Secondary Indexes in Distributed Databases
You partition your database by user_id for scalability. Now someone asks: “Find all users in Ahmedabad city.” Problem: Ahmedabad users are scattered across all partitions.
This is the secondary index problem in distributed systems.
The Core Problem#
Partitioned by user_id:
Server A (0-999): user_100 (amit, Ahmedabad)
Server B (1000-1999): user_1500 (vijay, Morbi)
Server C (2000-2999): user_2500 (narendra, Ahmedabad)
Query by user_id=1500? Hash to Server B. Fast.

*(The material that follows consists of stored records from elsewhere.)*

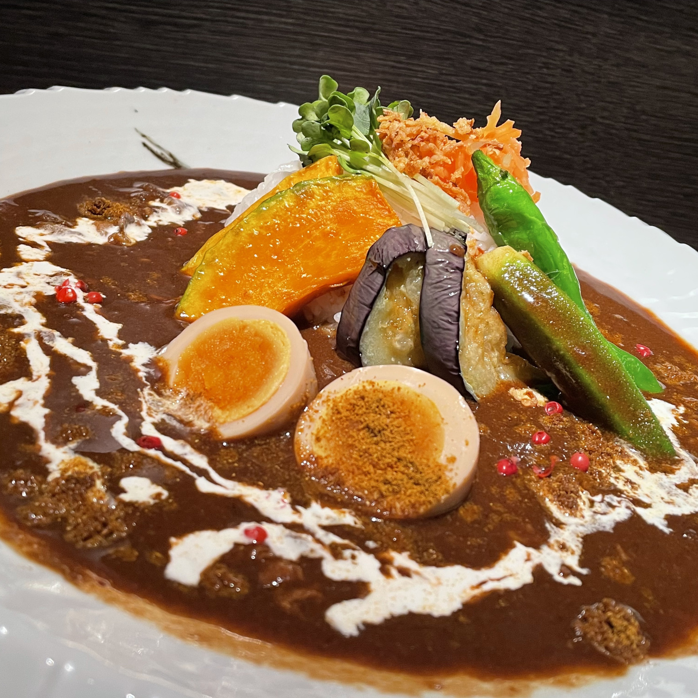 こだわりの自家製ルーに季節の素揚げ野菜と味付け玉子をトッピングしており一緒にお召し上がり頂くことで食べ飽きしない仕上がりとなっております。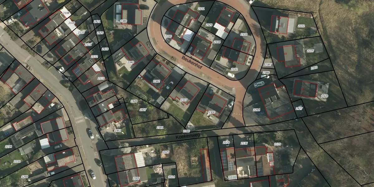 Gebruik de zoekbalk of klik op een perceel voor informatie over de adressen binnen dit perceel.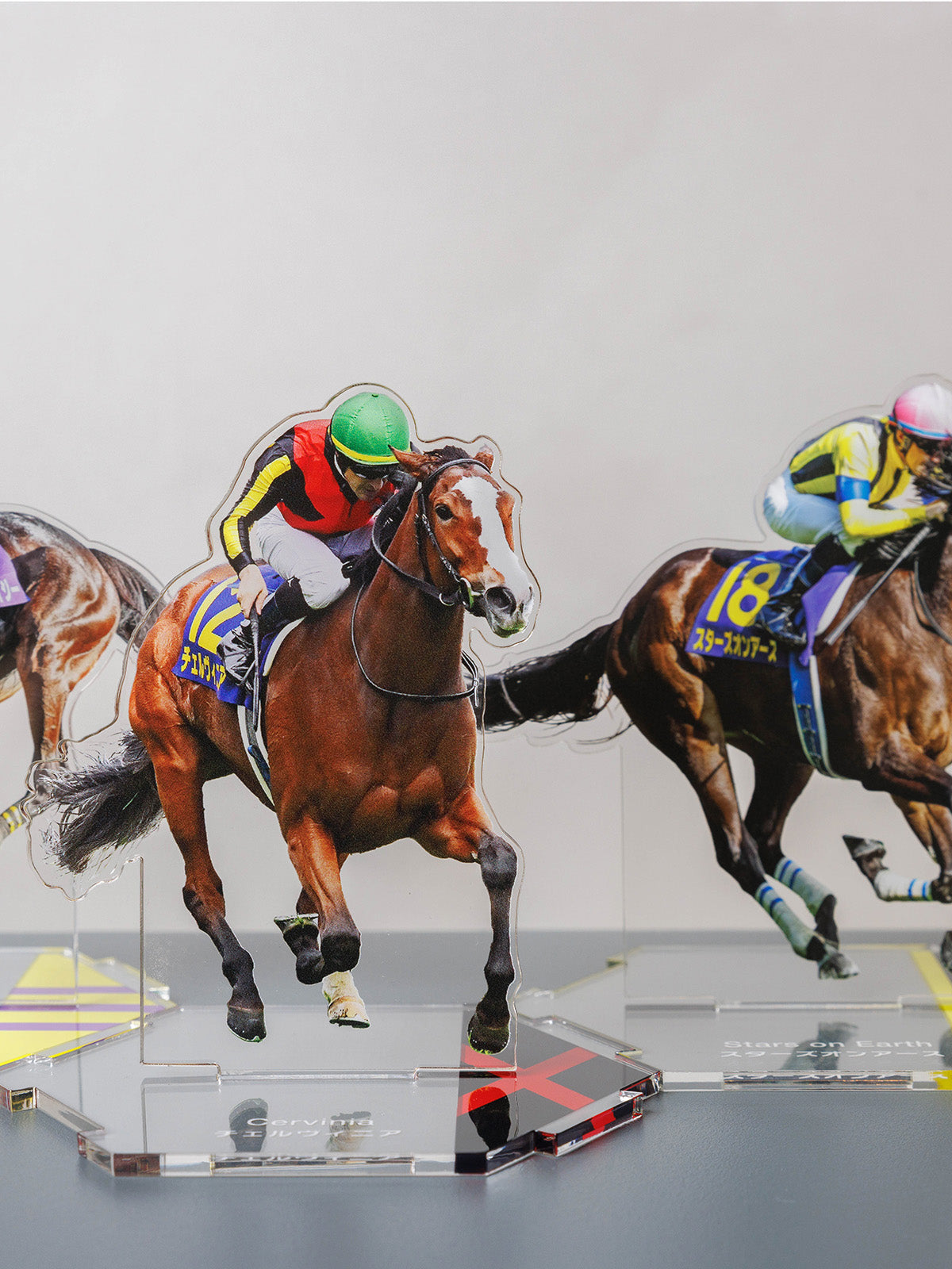 ご自宅や職場で飾っていただくのはもちろん、販売中・今後販売予定の名馬アクリルスタンドとつなげてお楽しみください。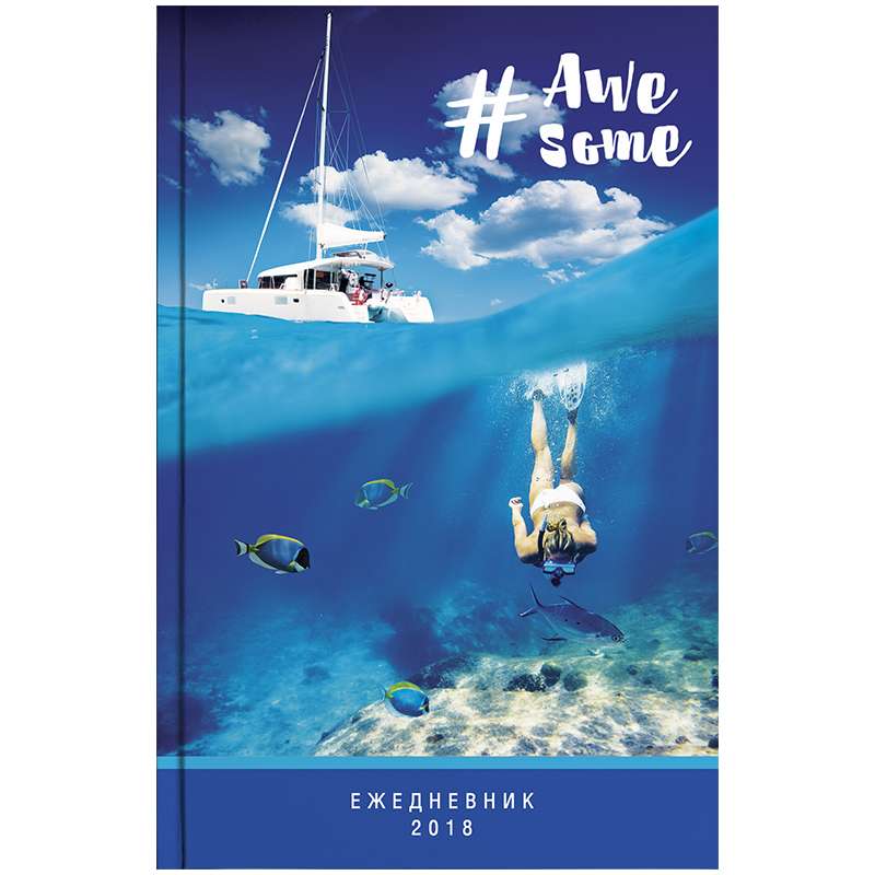 Незаменимый помощник для планирования встреч, звонков, переговоров. Отличный бизнес-аксессуар. Обложка - твердый картон, отделка глянцевой ламинацией. Удобный формат - А5. Прошитый переплет надежно держит блок. Блок 168 листов, офсет 100% белизны, плотность 60 гр/м2.Ежедневник датированный 2018г., A5, 168л. 7БЦ "Подводный мир", глянцевая ламинация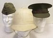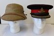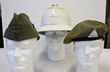 Army, peaked cap other ranks, wool, dated 1942. KC map buttons, leather edged brim, this scuffed, sweatband partially detached. WWII sidecaps khaki (2) dated 1940 & 43, heavy moth holes to both, 1 no buttons. Pith helmet by Belton Melbourne, some cork collapsed. Fair condition. 4 WWII hats. |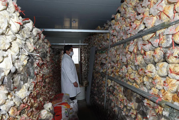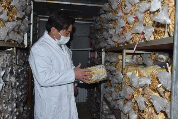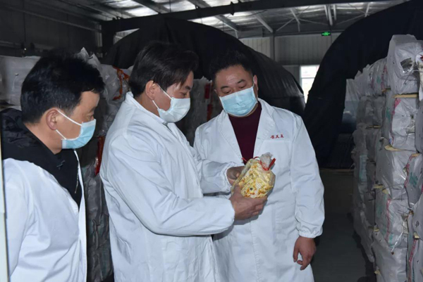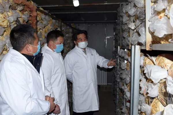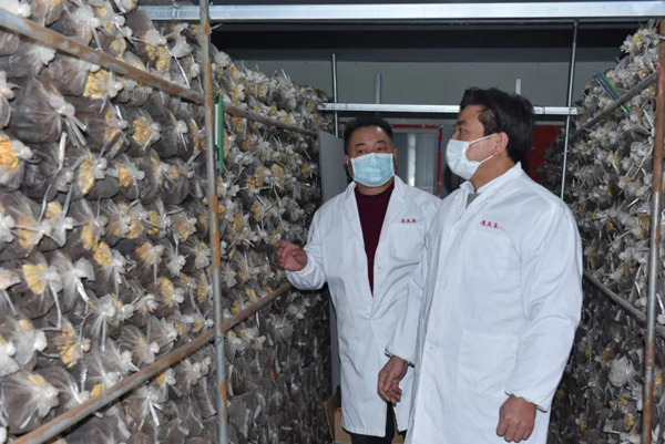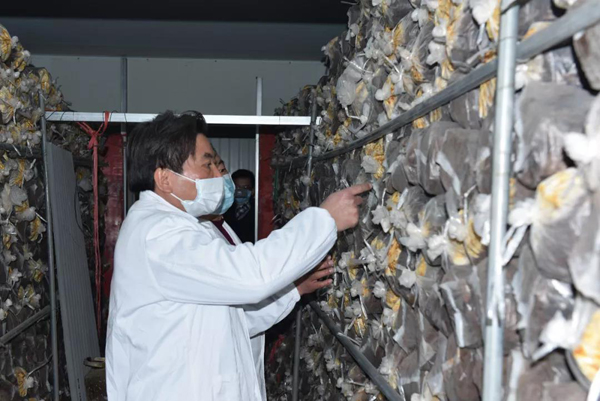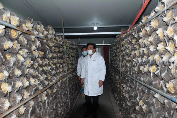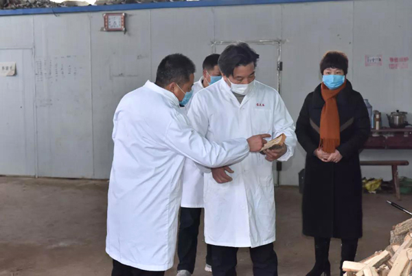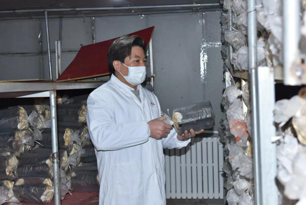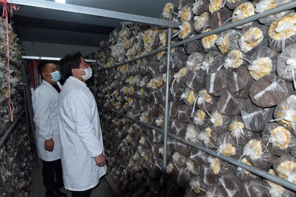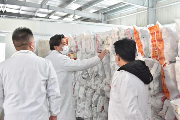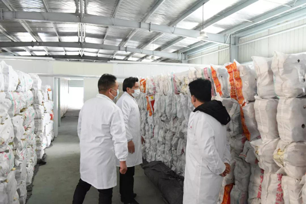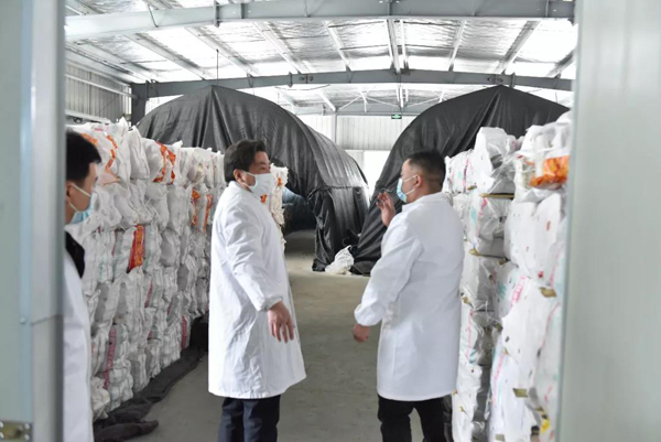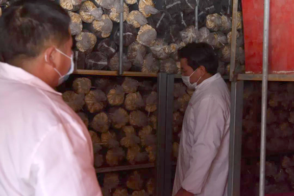 余董到基地最關心的是今年菌棒生產和養菌情況。來到新建的菌棒生產基地,基地負責人黃總介紹:完全按照公司制定藥材標準生產,選用最優最合適的多年生椴木生產菌棒。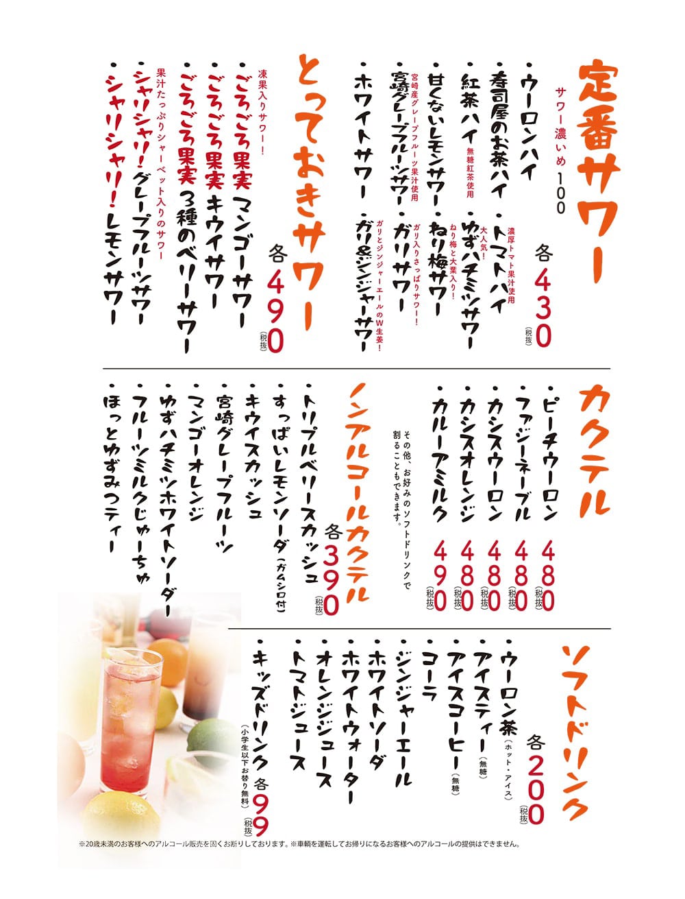 | メニュー(一部) | |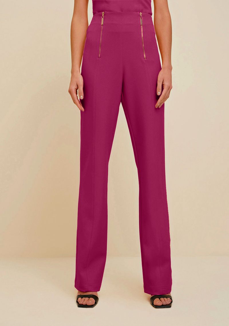 Calça Morena Rosa Reta Cós Alto Detalhe Zíper Rosa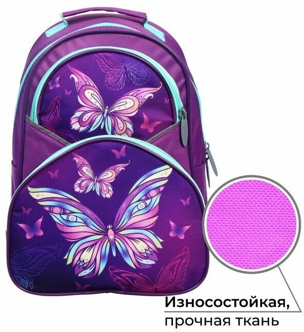 Рюкзак школьный, 37 х 26 х 13 см, эргономичная спинка, Calligrata АН "Бабочка" интересное: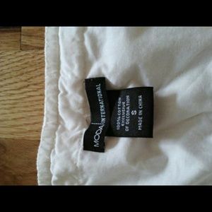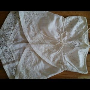 This is a strapless top with 2 ties, one at the top of the waist and on at the top of the shirt. The back is a little longer than the front but creates a real flattering look. It is in really good condition, I have only worn it a few times. It is a little bit to big for me.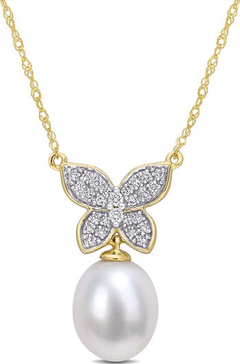 Pearl & Diamond Butterfly Drop Necklace 10k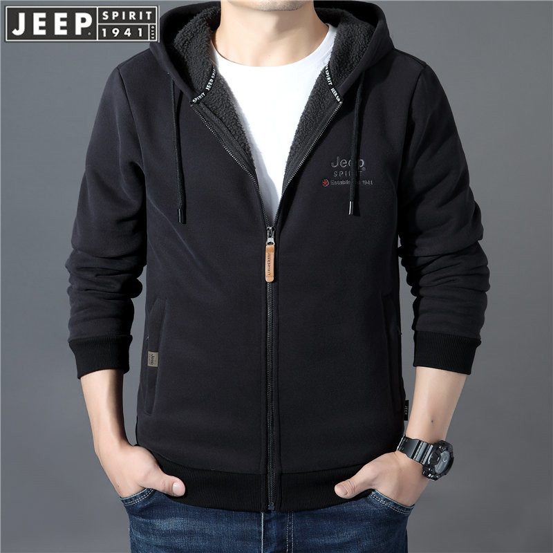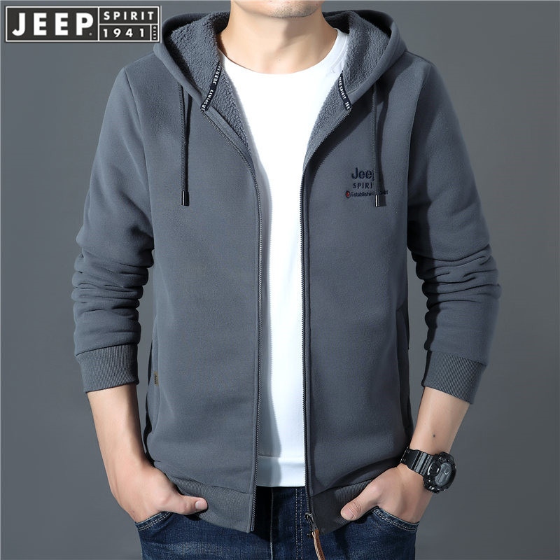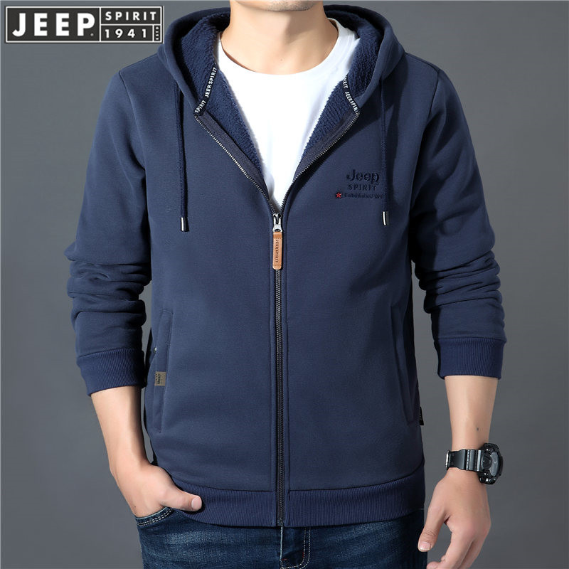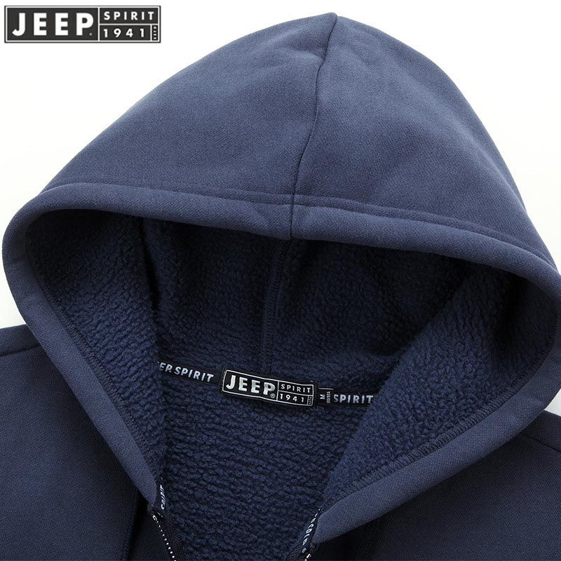 JEEP SPIRIT长袖卫衣秋季男士纯色拉链连帽上衣开衫宽松大码休闲polo衫JC5130

Query by city='Ahmedabad'? Users on Server A and C. Must check all servers.
Two Approaches#
Local Indexes (Document-Partitioned)
Each server indexes its own data:
Server A: Ahmedabad → [100]
Server B: Ahmedabad → []
Server C: Ahmedabad → [2500]
Query city='Ahmedabad': Ask all 3 servers, combine results.
Pros:
- Fast writes (1 server)
- Strong consistency
Cons:
- Slow reads (scatter/gather)
Global Indexes (Term-Partitioned)
Indexes partitioned separately:
Index Server X: Ahmedabad → [100, 2500]
Query city='Ahmedabad': Hit Index Server X, then fetch from Server A and C.
Pros:
- Fast reads (targeted)
Cons:
- Slower writes (data + index, often async)
- Eventually consistent (if async)
The Fundamental Trade-off#
You can’t have all three:
- Fast writes
- Fast reads
- Strong consistency
Pick two.
Most systems pick: Fast writes + Fast reads
- Use global indexes with async updates
- Accept eventual consistency (seconds of lag)
- Because user experience > perfect consistency
Financial systems pick: Fast reads + Strong consistency
- Correctness matters more than write speed
- Accept slower writes or avoid secondary indexes
The Triangle:

- Left edge (Fast Writes + Strong Consistency): Local indexes
- Right edge (Fast Writes + Fast Reads): Global indexes (async)
- Bottom edge (Strong Consistency + Fast Reads): Global indexes (sync)
Partitioning splits data by ONE key, but apps query by MANY. There’s no perfect solution. Understand your read/write patterns and pick the right trade-off.
Ever dealt with scatter/gather queries? How did you solve it?